At the other extreme, a broader US campaign that significantly weakens or cripples the Iranian state could push the country towards the brink of chaos.

The sudden collapse of central authority in a country of more than 90 million people would be unlikely to produce a clean or rapid transition. Instead, it could trigger prolonged instability, factional violence, and spillover effects across the region, with consequences that may take years to contain.

These risks help explain the increasingly uncompromising rhetoric from Tehran.

Senior commanders in both the Islamic Revolutionary Guard Corps and the regular armed forces, along with senior political officials, have warned that any US attack-regardless of scale-would be treated as an act of war.

Such declarations have unsettled Iran's neighbours, particularly Gulf states hosting US forces. A rapid Iranian response would place those countries - and Israel - at immediate risk, regardless of their direct involvement, and raises the prospect of a conflict spreading far beyond Iran and the United States.

Washington, too, faces constraints. Trump has repeatedly warned Iranian authorities against using violence against protesters and, at the height of the unrest, told Iranians that "help is coming". Those remarks were widely circulated inside Iran and raised expectations among protesters.
A handout satellite image made available shows Iran's Natanz nuclear enrichment facility after US air strikes, in Natanz, Iran, 22 June 2025.
Image source,Maxar Technologies/EPA
Image caption,
The US attacked Iranian nuclear sites during Iran's war with Israel in June 2025
Both sides are aware of the broader strategic picture.

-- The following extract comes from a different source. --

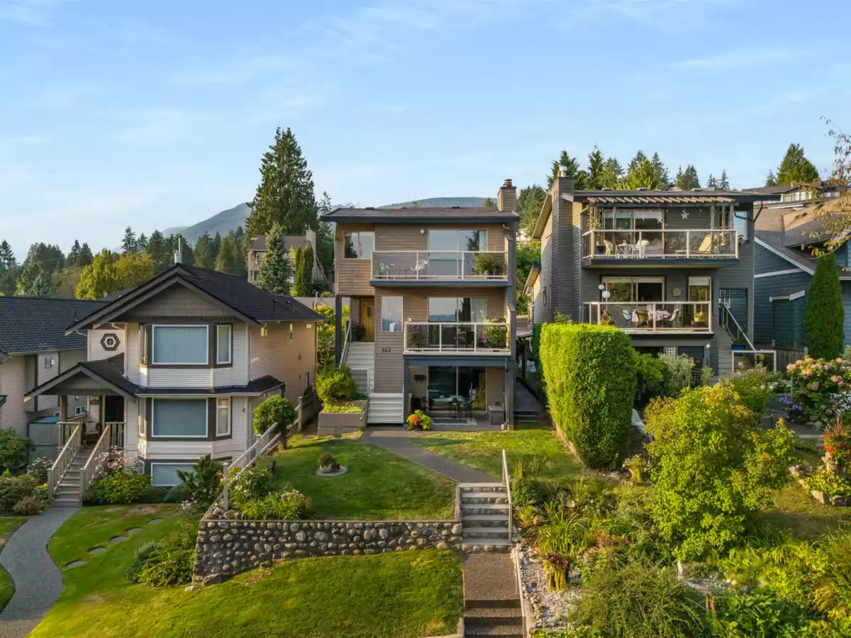 Reduced by $100k! Welcome to 342 E 26th St, a beautifully renovated 4 bed, 3.5 bath home in the highly sought after community of Upper Lonsdale, NV. Offering 2,321sqft of living space, 2 car garage plus plus 1 additional parking spot adjacent to the lane. This home offers stunning partial views of the city, Lions Gate, and mountains from 3 balconies and a private patio. The lower level has a separate entrance, perfect for a bachelor suite, in-law accommodation, or home office. Updates include a modern kitchen, renovated baths/ heated floors, new heat pump with A/C, hardwood, luxury carpet, and fresh paint. Ideally located on a quiet no-through street near schools, shops, transit, and the new Harry Jerome Rec Centre. This move-in-ready home shines with pride of ownership.

Trump knows Iran is militarily weaker than it was before last summer's 12-day war, and Tehran is aware that he has little appetite for a full-scale, open-ended conflict.

That mutual awareness may provide some reassurance, but it could also create dangerous misperceptions, with each side potentially overestimating its leverage or misreading the opponent's intentions.

For Trump, finding a balance, whatever that might be, is crucial. He needs an outcome he can present as a victory, without tipping Iran into either a renewed cycle of repression or a descent into chaos.

For Iranian leaders, the danger lies in timing and perception. Iran's previous model of delayed, symbolic retaliation may no longer be sufficient if leaders believe speed is essential to reassert deterrence on the outside and control inside of the country that was shaken by the scale of the recent unrests.

Yet, a rapid response would sharply increase the risk of miscalculation, drawing regional actors into a conflict few can afford.

With both sides under intense pressure and little room to manoeuvre, a long-running game of brinkmanship may be approaching its most dangerous moment, one in which the cost of getting the balance wrong would be borne not only by governments, but by millions of ordinary Iranians and the wider region beyond.